HKBU and CUHK scholars discover human-perceived temperature is rising faster than actual air temperature under climate change
(The research achievement has been published on RGC YouTube Chanel on 22 Jul 2018)
Each of the three years from 2014 to 2016 broke the global air temperature record, and 2017 will also turn out to be one of the hottest years ever. To predict how humans will be affected by climate change, geographers and climatologists led by Professor David Chen Yongqin from the Department of Geography and Resource Management at The Chinese University of Hong Kong (CUHK) and Dr Li Jianfeng from the Department of Geography at Hong Kong Baptist University (HKBU) studied the apparent temperature (AP), the temperature equivalent perceived by humans. They found that AP increased faster than air temperature (AT) over land in the past few decades, especially in the low latitude areas, and the rise is expected to continue in the future. This finding was recently published in Nature Climate Change.

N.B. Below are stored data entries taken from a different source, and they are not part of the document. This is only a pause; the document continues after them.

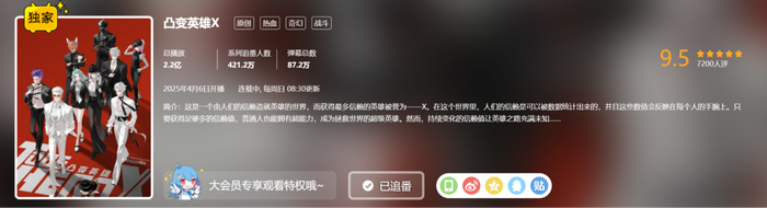 在IP创作源头,索尼展现出培育中国本土IP力量的决心。动画领域,Aniplex与B站联合出品的《凸变英雄X》是索尼深度参与中国动画IP原创的标志性尝试,也是索尼在中国动画内容创作源头卡位的战略性一步。
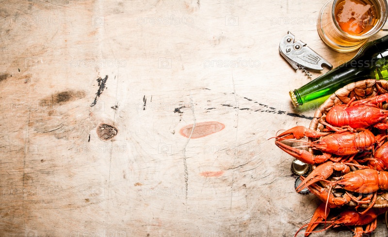 Свежие вареные раки с пивом
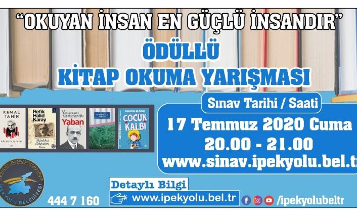 İpekyolu Belediyesi Kültür ve Sosyal İşleri Müdürlüğü, dünyanın ve Türkiye’nin mücadele ettiği korona virüs nedeniyle evlerinden çıkamayan vatandaşlara yönelik "Okuyan insan en güçlü insandır" sloganı ile hayat geçirdiği kitap okuma yarışması için katılım 25 Haziran 2020 Perşembe günü sona ermişti. Katılımların ücretsiz olduğu, yaş sınırlamasının bulunmadığı yarışma, www.sinav.ipekyolu.bel.tr sitesi üzerinden 17 Temmuz 2020 Cuma günü 20.00 - 21.00 saatleri arasında online olarak yapılacak. Cevap anahtarı da www.ipekyolu.bel.tr web sitesi üzerinden 24 Temmuz 2020 Cuma günü yayınlanacak.
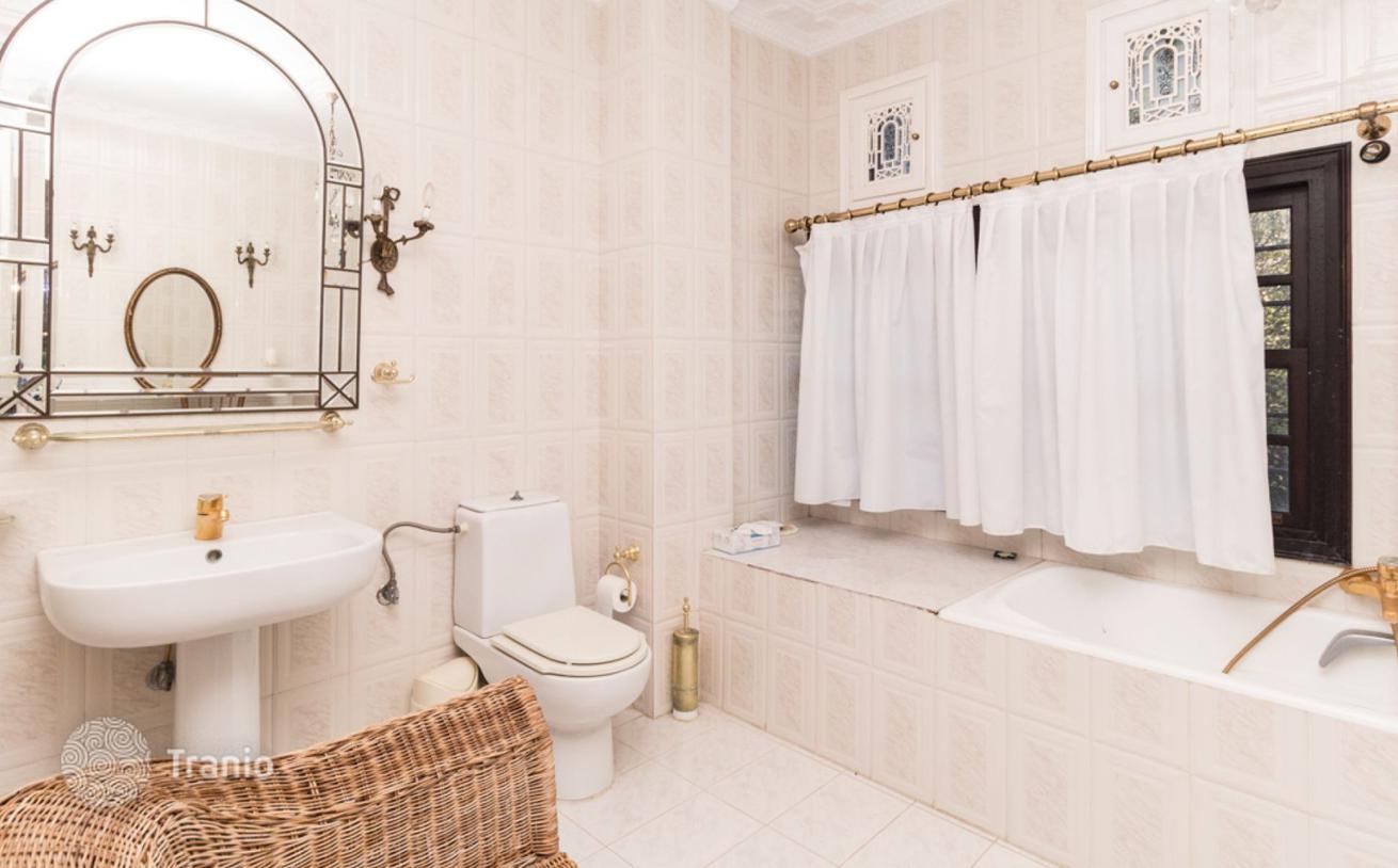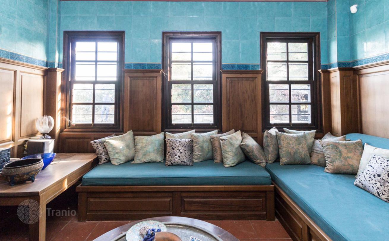 Дом состоит из трех гостиных, просторной кухни, четырех спален, четырех ванных комнат, трех туалетов и двух кладовых комнат.

Scientists have developed and used Global Climate Models (GCMs) to simulate the global climate and make projections of future AT and other climatic variables under different carbon emission scenarios in the 21st century. However, GCMs do not directly project how the change of other climatic factors, such as humidity and wind, affects human perception.
Professor Chen remarked, “Among the extensive and far-reaching impacts of global warming, human health and labour productivity are most directly affected by thermal discomfort and heat-related morbidity and mortality. Our study of the faster increases in apparent temperature has produced important findings for this kind of climate change impact assessment, providing a strong scientific support for more stringent and effective climate change mitigation efforts to combat global warming.”

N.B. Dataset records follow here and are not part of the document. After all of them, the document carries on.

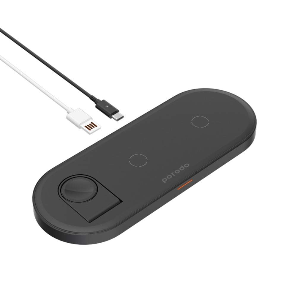 قاعدة شحن رفيعة 4 في 1 بقوة 7.5 /10 واط لايفون/ ساعة ابل واتش /ايربود من بورودو - باللون الاسود
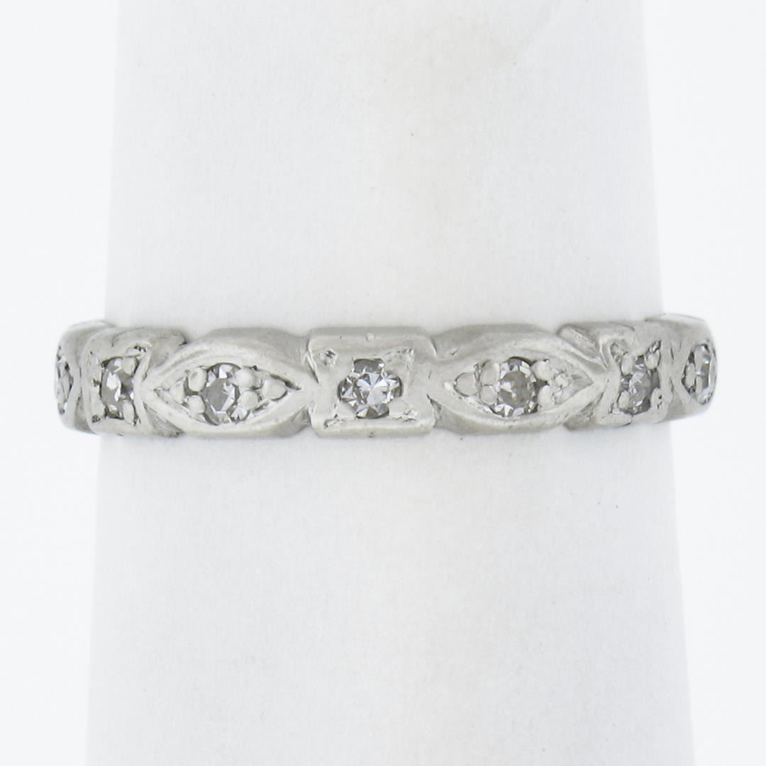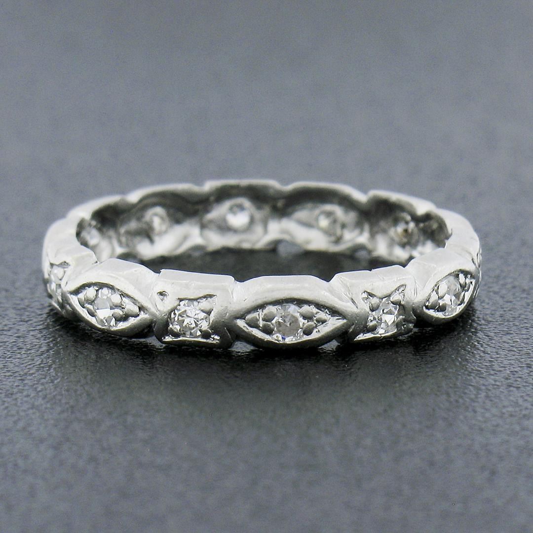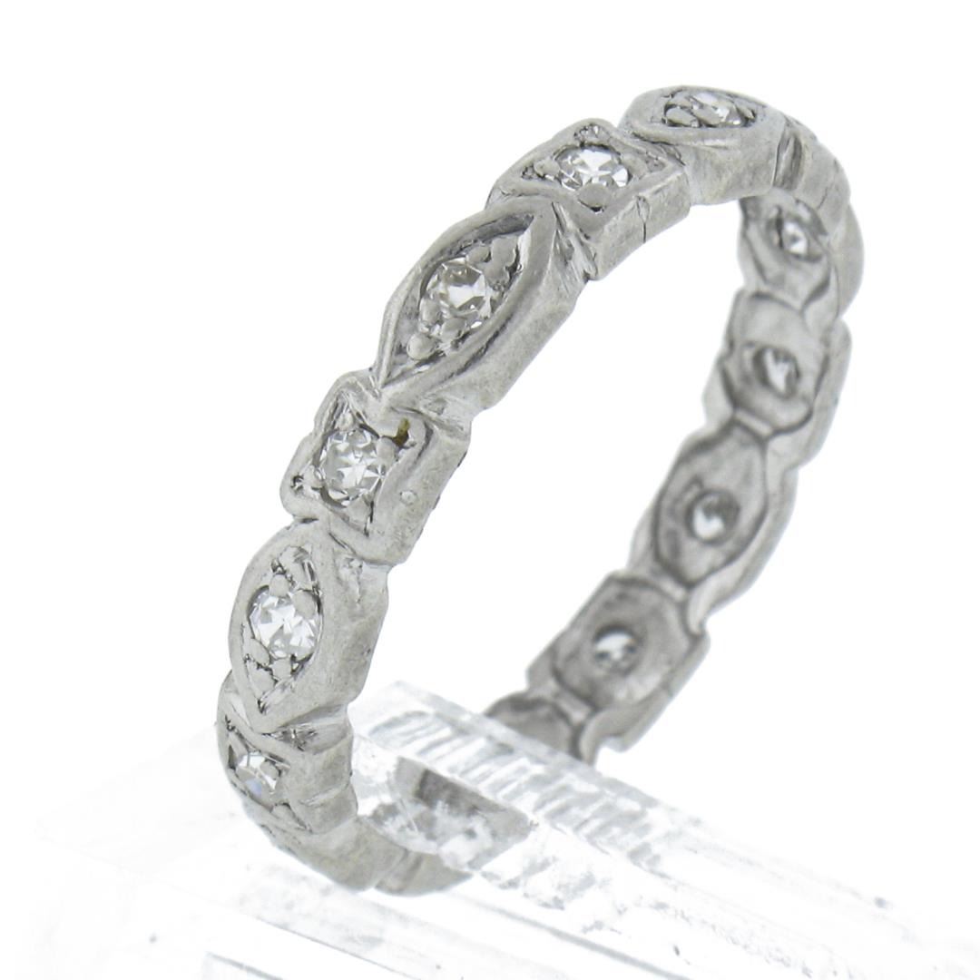 An antique solid platinum eternity band ring, featutring 14 old single cut natural diamonds (G/I - VS2-SI2 ; 0.15ctw). The ring is size 5.0, weighs a total of 2.21 grams, and measures 3mm wide.
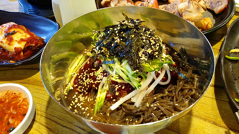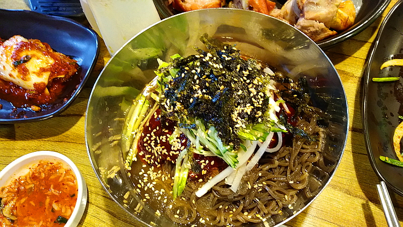 보쌈도 함께 파는 집이다 보니 반찬처럼 나온 무김치와 배추김치도 예술이었다. 우린 이것을 눈치 봐가며 두 번이나 리필을 해서 먹었다. 그렇게 족발 삼매경에 빠져 있는데 동생이 내가 워낙 막국수 좋아하는 취향이라는 것을 알고 막국수도 먹자고 했다. 하긴 처음부터 나는 이 국수가 먹고 싶긴 했다. 느끼하고 기름진 족발을 먹다가 마치 사막의 오아시스라도 만나는 느낌처럼 담백하고 시원한 막국수를 만난다면 이 얼마나 행복한 일이랴! 막국수 전문점의 그 맛은 아닐지라도 이날의 막국수는 안주도로 식사로도 손색이 없었다.
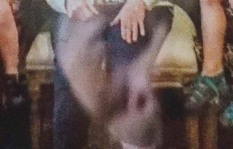 Ha a nagymamara néz a kép közepén, láthatja furcsa folt a lába helyén. Hősünk gondosan körülnézett egy ilyen „hibára”, és hirtelen egy tiszta töredéket látott rajta férfi arc. Figyelemre méltó még az is, hogy egy könny elkukkant az arcán személy.
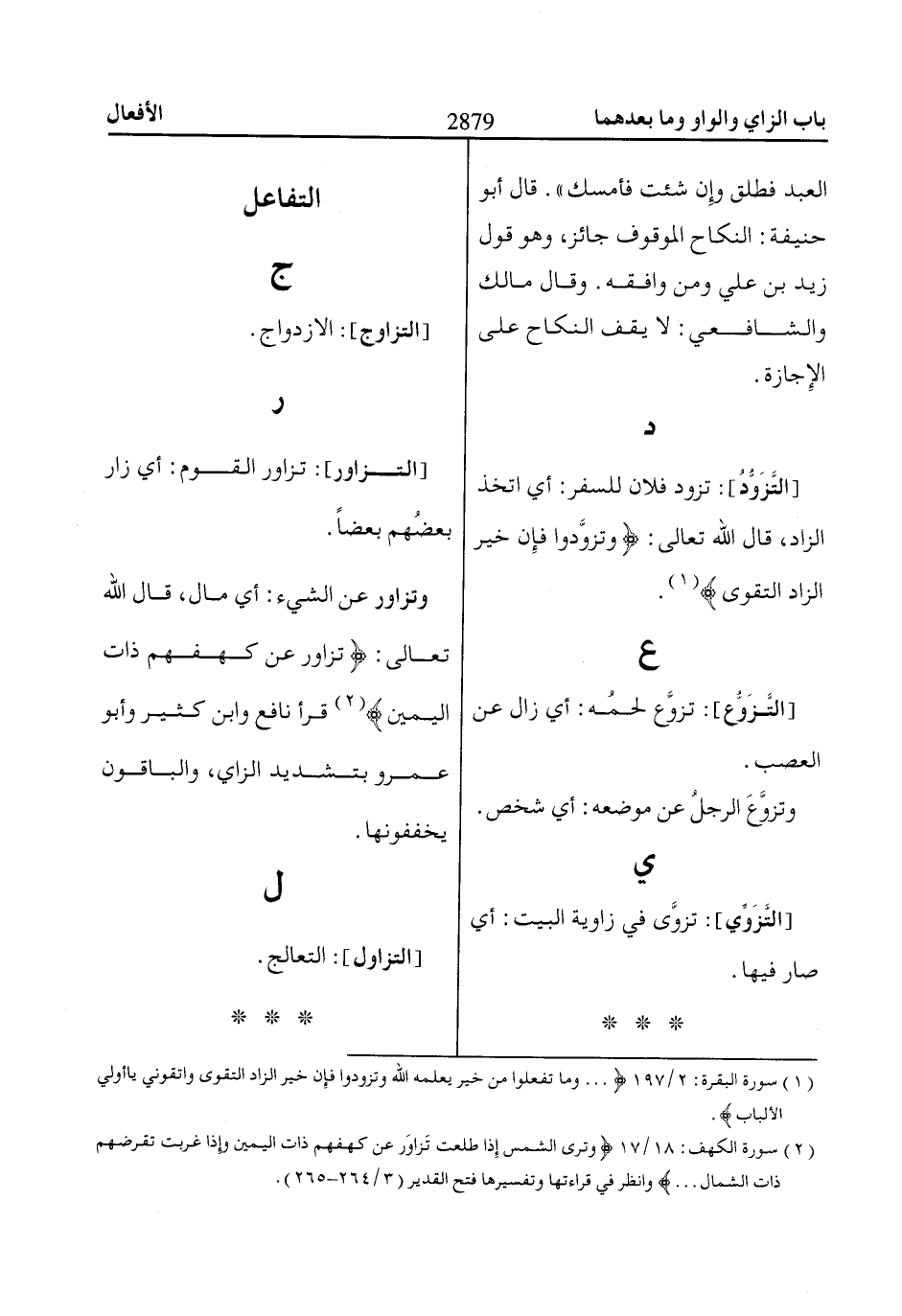 وتزاور عن الشيء: أي مال، قال الله تعالى: تَتَزااوَرُ! عَنْ كَهْفِهِمْ ذااتَ الْيَمِينِ «2» قرأ نافع وابن كثير وأبو عمرو بتشديد الزاي، والباقون يخففونها.

Dr Li said the latest research findings give a better understanding of changes in human-perceived equivalent temperature, and indicate global warming has stronger long-term impacts on human beings under both extreme and non-extreme weather conditions, suggesting that climate change adaptation cannot just focus on heat wave events, but should be extended to the whole range of effects of temperature increases. The team will continue to explore the related issues to enhance the scientific knowledge.
The research team used four reanalysis datasets of the past climate and outputs from seven GCMs to estimate the human-perceived equivalent temperature AP, from AT, humidity and wind. Findings showed that the global land average AP increased 0.04℃ per decade faster than AT before 2005, because of the concurrent increases in AT and humidity. This trend was projected to increase to 0.06 ℃per decade and 0.17℃per decade under Representative Concentration Pathway 4.5 scenario (RCP4.5) and RCP8.5, respectively, and reduce to 0.02℃ per decade under RCP2.6. The faster increases in AP are more significant in low latitude areas (tropical and sub-tropical regions) than the middle and high latitude areas. Study also indicated that the number of days with extremely apparent temperature will substantially increase in 2081 to 2100 compared to the period between 1981 and 2000, mainly due to the remarkable increase in the frequency of extremely hot days in summer.
Taken together, a key conclusion is that the world, as perceived by human beings, will become hotter than that just indicated by air temperature under global warming. This conclusion clearly implies that cities and communities, especially those located at tropical and sub-tropical regions like Hong Kong, will face bigger threats from hot weather and therefore greater efforts for climate change mitigation and adaptation are vital and urgent.
In this study, Professor Chen and Dr Li collaborated with AXA Professor Gabriel Lau Ngar-Cheung from the Department of Geography and Resource Management at CUHK, and Professor Thian Yew Gan from the Department of Civil and Environmental Engineering at the University of Alberta in Canada.
研究團隊利用四個歷史氣候的再分析數據集，以及七個全球氣候模式的模擬結果，計算和模擬體感溫度的變化和趨勢，發現2005年前全球陸地平均體感溫度的增速較實際溫度增速每10年快0.04℃，原因是氣溫上升的同時濕度亦增加，人體感受到的熱力因而增加。預測未來在高、中、低三種碳排放情境（即所謂「代表濃度路徑」）下，體感溫度上升將分別較實際溫度每十年快0.17℃（RCP8.5）、0.06℃（RCP4.5）和0.02℃（RCP2.6），低緯度地區 (即熱帶或亞熱帶地區) 體感溫度上升亦較中高緯度地區明顯。研究亦顯示於2081-2100年出現極端體感溫度的日數將會較1981-2000年顯著增加，主要是夏季出現極端熱的頻率大幅上升。